An overview of the current evidence demonstrating the impact of nerves in tumorigenesis is presented in Table 1. The initial demonstration that denervation can inhibit cancer progression was performed in mouse models of prostate cancer (5). The prostate gland is essentially innervated by autonomic nerves of sympathetic (adrenergic) and parasympathetic (cholinergic) origin, and surgical or chemical denervation of the prostate was found to result in a complete inhibition of prostate cancer growth and dissemination (5). On the one hand, denervation of adrenergic nerves or knockout of adrenergic receptors beta 2 (ADRβ2) and beta 3 (ADRβ3) inhibited the proliferation of stromal and cancer cells at early stages of prostate tumor development. On the other hand, denervation of cholinergic nerves or knockout of type 1 muscarinic acetylcholine receptors (CHRM1) inhibited tumor cell dissemination at latter stages of the disease. The crucial role played by stromal cells, which express both ADRβ and CHRM1 receptors, as a relay that promotes cancer cell growth was also noted. The authors also reported that the density of nerve infiltration in the tumor microenvironment of prostate cancer, indicative of axonogenesis, was increased in high-grade cancers compared with low-grade cancers or benign prostatic hyperplasia (5). The conclusion of this early study was that the activation of adrenergic signaling by the release of catecholamines from sympathetic nerves stimulated tumor growth, whereas cholinergic signaling that was activated by parasympathetic nerves stimulated tumor dissemination (5). Incidentally, this landmark demonstration of nerve dependence in cancer also provided a rationale for the long-reported lower incidence of prostate cancer in patients with spinal cord injuries where a functional denervation of the prostate occurs (6, 7).

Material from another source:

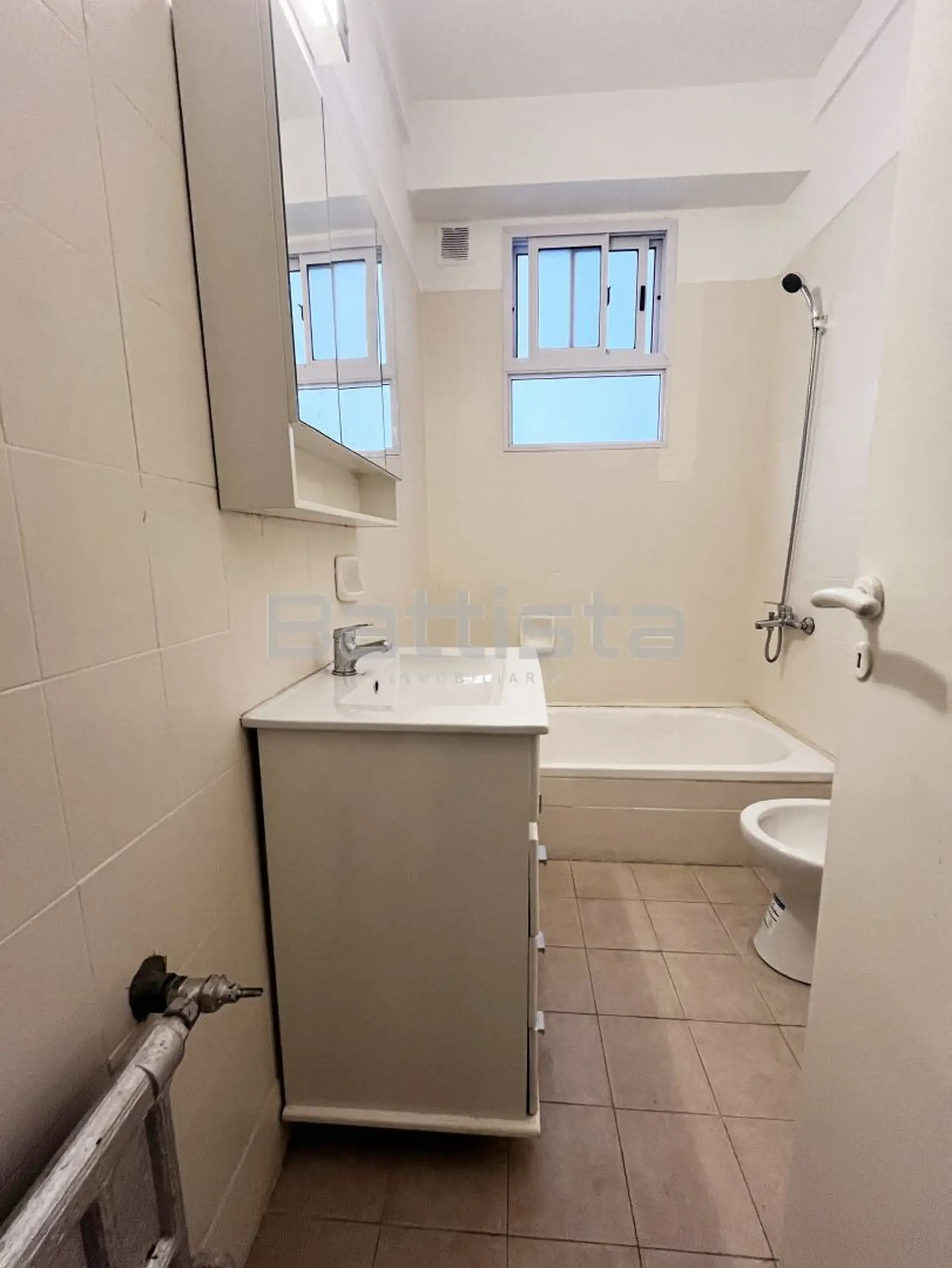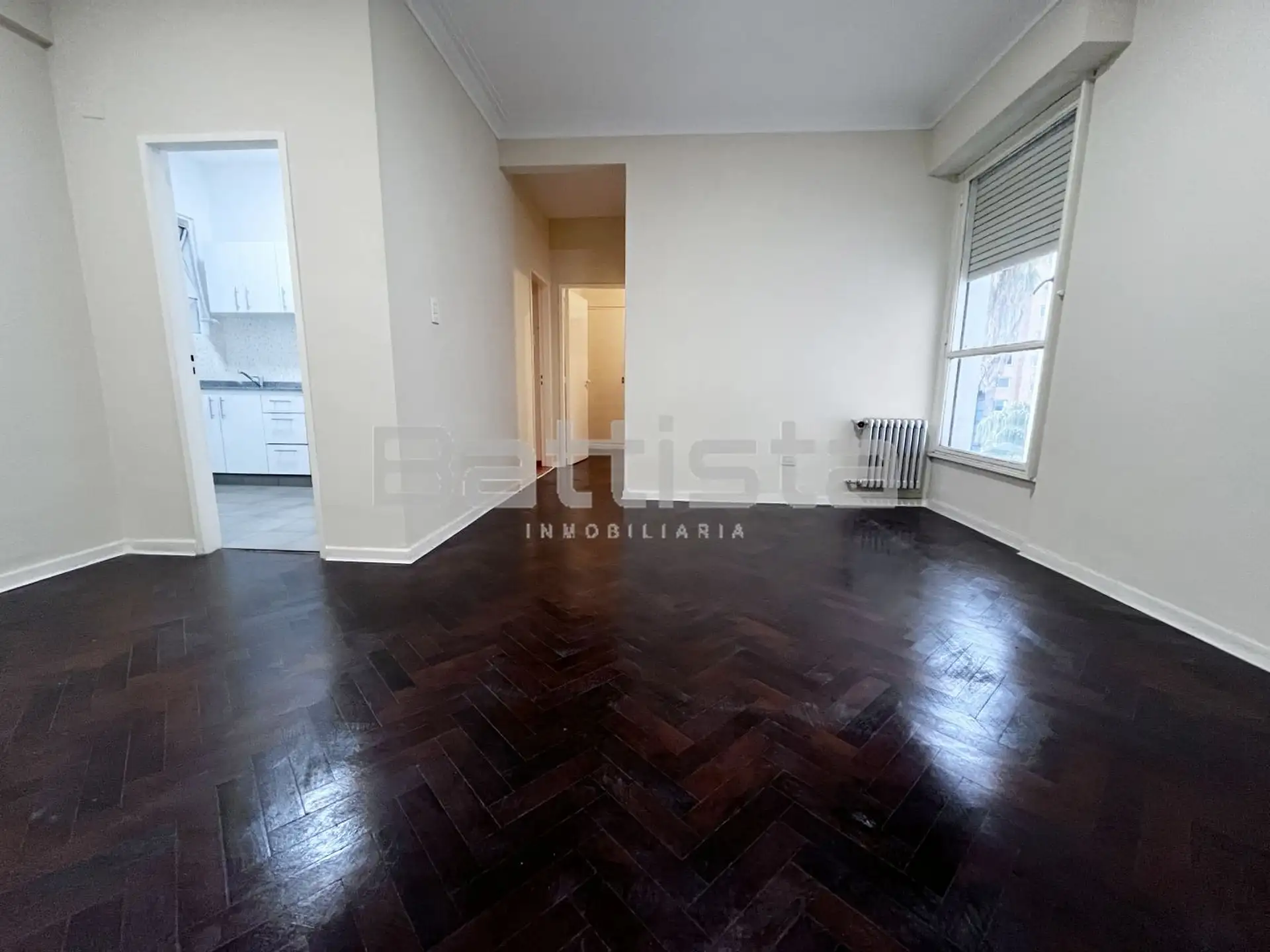Three-room, internal apartment on Av. de Mayo in Ramos Mejía, Partido de La Matanza. The living-dining room has parquet flooring. The kitchen is fully furnished and refurbished, with an external laundry area. There are 2 bedrooms with parquet flooring and built-in wardrobes, plus a full bathroom. Suitable for both professional use and living.

Soon after the initial discovery of the protumorigenic role of nerves in prostate cancer, similar findings were reported in other malignancies. In mouse models spontaneously developing gastric cancer, denervation of the vagus nerve decreased tumor initiation and progression (8). The investigators analyzed the pharmacologic inhibition and genetic knockout of the type 3 muscarinic acetylcholine receptor (CHRM3) and found that it produced an inhibitory effect on both tumor initiation and progression that was similar to vagal denervation (8). In pancreatic cancer, it was demonstrated that the ablation of sensory neurons in mouse models of pancreatic adenocarcinoma can slow both the initiation and progression of cancer and prolong survival (9). It was also shown that the denervation of adrenergic nerves resulted in the inhibition of pancreatic tumor progression, and that adrenergic nerves release catecholamines that activate ADRβ2-mediated adrenergic signaling in cancer cells (10). Interestingly, cholinergic nerves and cholinergic signaling have recently been shown to inhibit pancreatic tumor progression (11), raising the possibility of a more complex neural regulation in pancreatic cancer. More than 80% of axons running in the vagus nerve are sensory (12). Although sensory nerves have been shown to promote pancreatic cancer (9), vagal denervation accelerates pancreatic cancer (11). This observation argues for a distinct suppressive effect by the vagal cholinergic axons. It is important to note that whereas autonomic nerves are implicated in prostate (5) and gastric (8) cancers, sensory nerves are also involved in the stimulation of pancreatic cancer progression (9, 13, 14). Interestingly, a dense substance P–positive sensory innervation has been described in precancerous pancreatic lesions, and neuroendocrine cells were found to express the substance P receptor neurokinin 1-R (NK1R), suggesting neuroendocrine cells as the mediators of sensory nerve stimulation in early pancreatic tumorigenesis (14). The stimulatory role of sensory nerves has also been found in basal cell carcinomas, a nonmelanoma form of skin cancer emerging from epithelial cells, where surgical ablation of sensory cutaneous nerves in hair follicles blunts tumor formation via a mechanism involving the activation of nerve-derived hedgehog signaling in epithelial cells (15).

Brain cancer also provides an illustration of neural regulation in cancer progression. Neuronal cells have been shown to promote glioma growth through neuroligin-3 (NLGN3; ref. 16). NLGN3 is a synaptic protein, and soluble NLGN3 can be released from neuronal endings to stimulate glioma cell proliferation through a PI3K–mTOR signaling pathway (16). Interestingly, NLGN3 release is activated by neuronal activity (16) and can be targeted in vivo to inhibit glioma development (17). The release of other proteins, such as pleiotropin, from neural cells can promote glioma cell invasion (18), and in return glioma cells can also affect neuron activity (19). These studies in the CNS emphasize the tumor-promoting effect of neuronal cells.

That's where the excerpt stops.